The same would be true with the labelling requirements. Labelling requirements are very clear. They are part of the physical characteristic of the product and would be subject to the mutual recognition rule. Therefore, the only ground on which a product with a labelling difference could be excluded from the English market is to stop the spread of a pest, disease or unsafe foodstuff.

However, we are still talking hypothetically because the existing rules would have to be amended substantively to be caught by the bill. If they remain, the 2009 regulations in their unamended form would not be caught by the bill anyway.


If our other two professors have anything different to say, they may comment, but we are quite tight for time.

Professor Barnard

I have nothing to add.

Professor Keating

I have nothing to add.

Okay—thank you. That was the definitive view on eels from Professor Dougan.

I will finish by going back to something that Professor Dougan said earlier, which was that the bill really suggests that the exercise of devolved competency is itself a problem. One thing that has perplexed me about the UK Government’s white paper is that it says in paragraph 85:

“While currently the costs of trading between the different constituent parts of the UK are low, an increase would be likely to have a significant impact on GDP. In a modelled scenario where intra-UK trade costs increased to the level seen between German states, UK GDP would reduce by £7.3 billion.”

I am perplexed about why the UK Government would choose German states as an example of trade barriers. I have always believed that the German economy works extremely smoothly. Germany is obviously a very prosperous place and there are lots of checks and balances in the German Länder.

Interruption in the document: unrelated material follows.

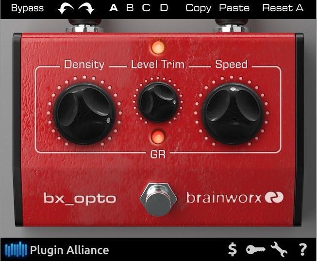 Optische Kompressoren basieren auf Lichtdioden, die je nach Steuerspannung unterschiedliche Fotowiderstände (LDR) erzeugen. Da das Verhältnis zwischen Licht und Widerstand nicht immer linear ausfällt, gelten die Opto-Kompressoren als langsam in der Release- und Attack-Phase. Brainworx möchte mit dem neuen bx-opto Plug-in Algorithmen entwickelt haben, welche die Anpassung der Geschwindigkeit des Fotowiderstandes erlauben. So werden die Transienten einzigartig beeinflusst und außergewöhnliche klangliche Qualitäten erzielt, die laut Hersteller nicht transparent, sondern Programm-abhängig und harmonisch angenehm klingen. Die aufgeräumte Benutzeroberfläche bietet einen Regler zur Kompression, einen Speed-Regler, Dry/Wet-Mix, Output-Kontrolle, einen Multimode-Side-Chain-Filter sowie ein VU-Meter als Gain-Reduktions-Anzeige. Als vereinfachte Variante dieses virtuellen Opto-Kompressors bietet der Hersteller das bx-opto Pedal im Stompbox-Format, das dieselben Schaltungen mit wenigeren Steuermöglichkeiten (Density, Speed, Output) bereitstellt.

Do any of you have views on why the UK Government would use that particular example if it was not in some way ideologically opposed to all devolved systems?

That really struck me. There are, in fact, quite a number of regulatory differences between the German Länder. They tend to go together on big policy issues, but there are a lot of differences when it comes to regulation.

In Germany, of course, the EU single market rules apply. The suggestion in the white paper is that the EU internal market rules are too liberal for Germany and that, in spite of the internal market, it has too much divergence. That suggests that the UK Government wants something tighter than the existing EU regime, whereas we had understood that it was just replacing the EU regime and giving Scotland the same degree of discretion that it has under the EU. That is what struck me.

As for the costs, regulation costs money, but for that money we get environmental benefits, social benefits and so on that meet other goals. The question is not whether there is a cost but whether it is worth paying that cost to achieve the non-monetary objectives.

Professor Dougan

I have nothing to add.

There are a number of oddities in the white paper, not least that the principle of mutual recognition, which is well known under EU law from the cassis de Dijon decision, is mentioned only once, in a footnote on page 99. There is clearly some politics going on here, but Lord only knows what.

Okay. I thank our witnesses very much for coming to give evidence to us today and for their written submissions, which are extremely helpful to the committee.

I should have said at the beginning of the meeting that we have received apologies from Ross Greer. He is now back on the committee full time, but he had a family issue that meant that he could not come today.

Next, we will consider in private session the evidence that we have heard today. That concludes the public part of the meeting. I will allow a couple of minutes for members to have a comfort break before we continue in private session. Once again, I thank our three witnesses.

10:49 Meeting continued in private until 11:31.